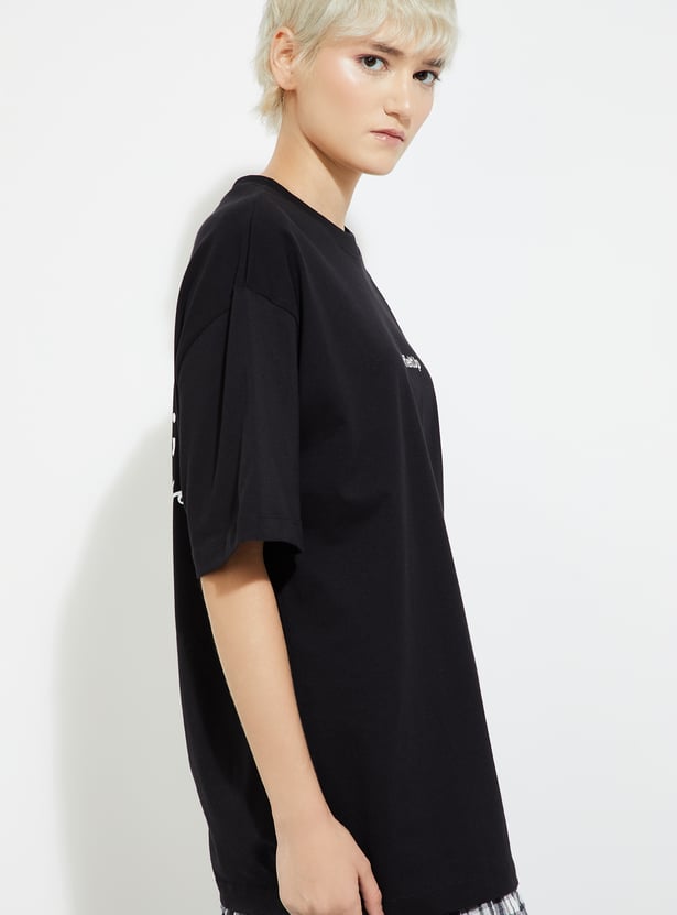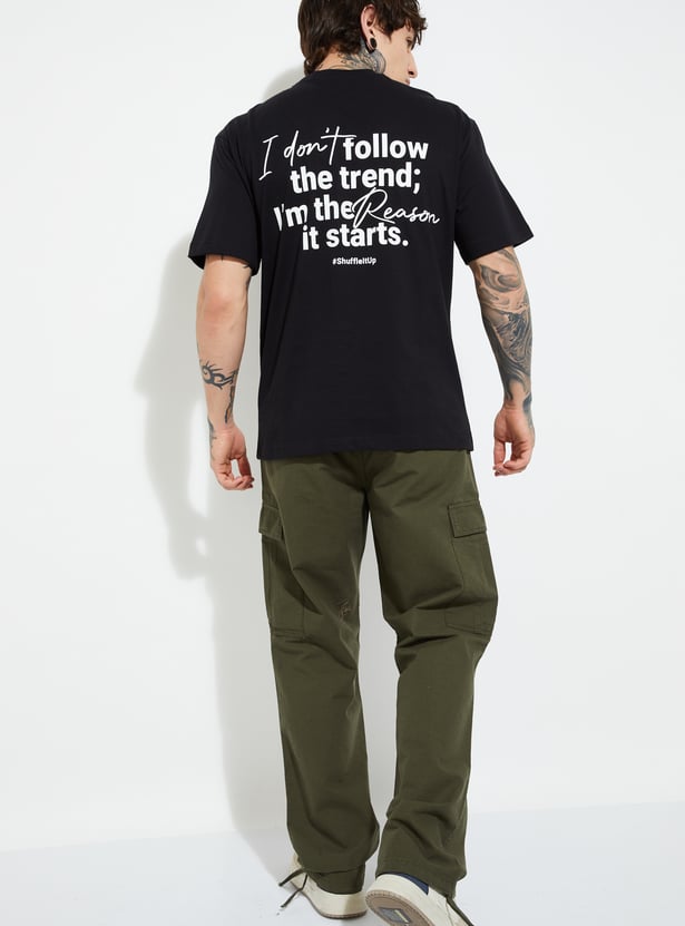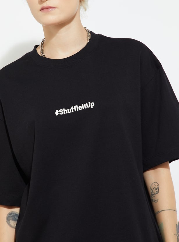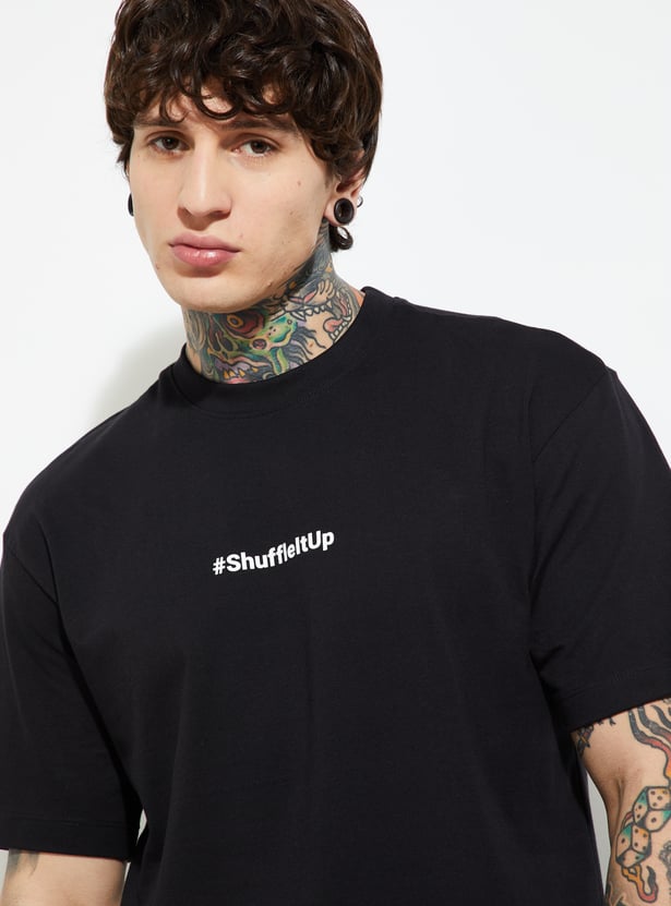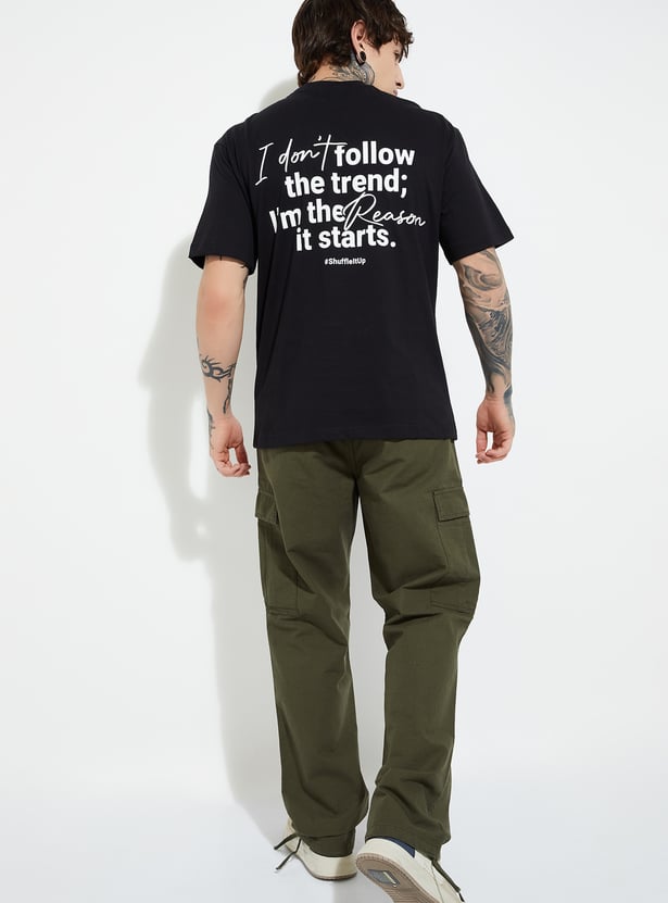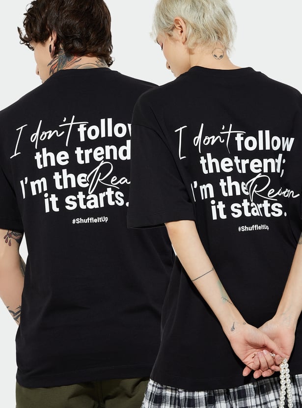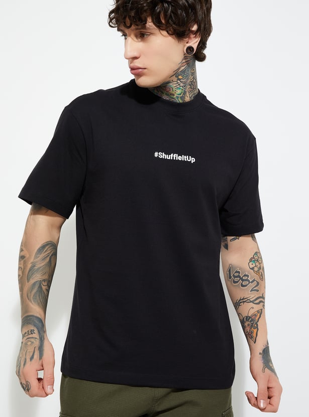 Add a pop of personality to your everyday style with this back print oversized T-shirt, featuring a classic crew neck and half sleeves. Comfortable and versatile, it's perfect for casual wear.
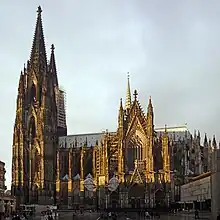 - 🌍 Kölner Dom (Cathedral) (U-Bahn: Dom / Hbf). M-Sa 06:00-19:30 (May-Oct: 06:00-21:00), Su 13:00-16:30. A UNESCO World Heritage site. It took over 630 years to complete this monumental cathedral. In 1880 the cathedral was finally consecrated. Cologne's Dom is the first sight you will notice when taking the main exit from the central station. (If you don't see it, you've taken the back exit.) If you are in good shape, take the 509 stairs to the top of the south tower. It takes about an hour, so wear comfortable shoes, but it's worth the hike. Touring the cathedral is forbidden during Mass. Entry into the cathedral is free but you will be asked for a donation. Admission to the tower costs: €5, reduced: €2, family: €8. Admission to the treasury costs: €6, reduced: €4, family: €12. However, a combined ticket granting you admission to the treasury and tower can be purchased for (regular/reduced/family): €8/€4/€16. No luggage may be carried inside.
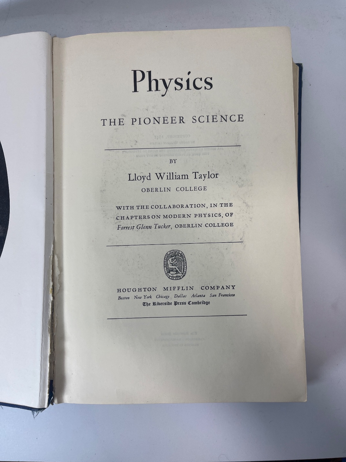 Delve into the foundational world of physics with “Physics: The Pioneer Science” by Lloyd William Taylor. Published in 1941, this seminal work offers a comprehensive exploration of the principles that have shaped our understanding of the physical world. Lloyd William Taylor, in collaboration with Forrest Glenn Tucker, provides profound insights into both classical and modern physics, making it an essential read for enthusiasts and scholars alike. This book, produced by Houghton Mifflin Company, captures the pioneering spirit of scientific inquiry. Whether you’re a collector or a passionate reader, this volume stands as a testament to the enduring quest for knowledge in the field of physics.

Exercise requirements: Once the pictures are set aside, repeat the data above exactly.

Solution:
 Add a pop of personality to your everyday style with this back print oversized T-shirt, featuring a classic crew neck and half sleeves. Comfortable and versatile, it's perfect for casual wear.
 - 🌍 Kölner Dom (Cathedral) (U-Bahn: Dom / Hbf). M-Sa 06:00-19:30 (May-Oct: 06:00-21:00), Su 13:00-16:30. A UNESCO World Heritage site. It took over 630 years to complete this monumental cathedral. In 1880 the cathedral was finally consecrated. Cologne's Dom is the first sight you will notice when taking the main exit from the central station. (If you don't see it, you've taken the back exit.) If you are in good shape, take the 509 stairs to the top of the south tower. It takes about an hour, so wear comfortable shoes, but it's worth the hike. Touring the cathedral is forbidden during Mass. Entry into the cathedral is free but you will be asked for a donation. Admission to the tower costs: €5, reduced: €2, family: €8. Admission to the treasury costs: €6, reduced: €4, family: €12. However, a combined ticket granting you admission to the treasury and tower can be purchased for (regular/reduced/family): €8/€4/€16. No luggage may be carried inside.
 Delve into the foundational world of physics with “Physics: The Pioneer Science” by Lloyd William Taylor. Published in 1941, this seminal work offers a comprehensive exploration of the principles that have shaped our understanding of the physical world. Lloyd William Taylor, in collaboration with Forrest Glenn Tucker, provides profound insights into both classical and modern physics, making it an essential read for enthusiasts and scholars alike. This book, produced by Houghton Mifflin Company, captures the pioneering spirit of scientific inquiry. Whether you’re a collector or a passionate reader, this volume stands as a testament to the enduring quest for knowledge in the field of physics.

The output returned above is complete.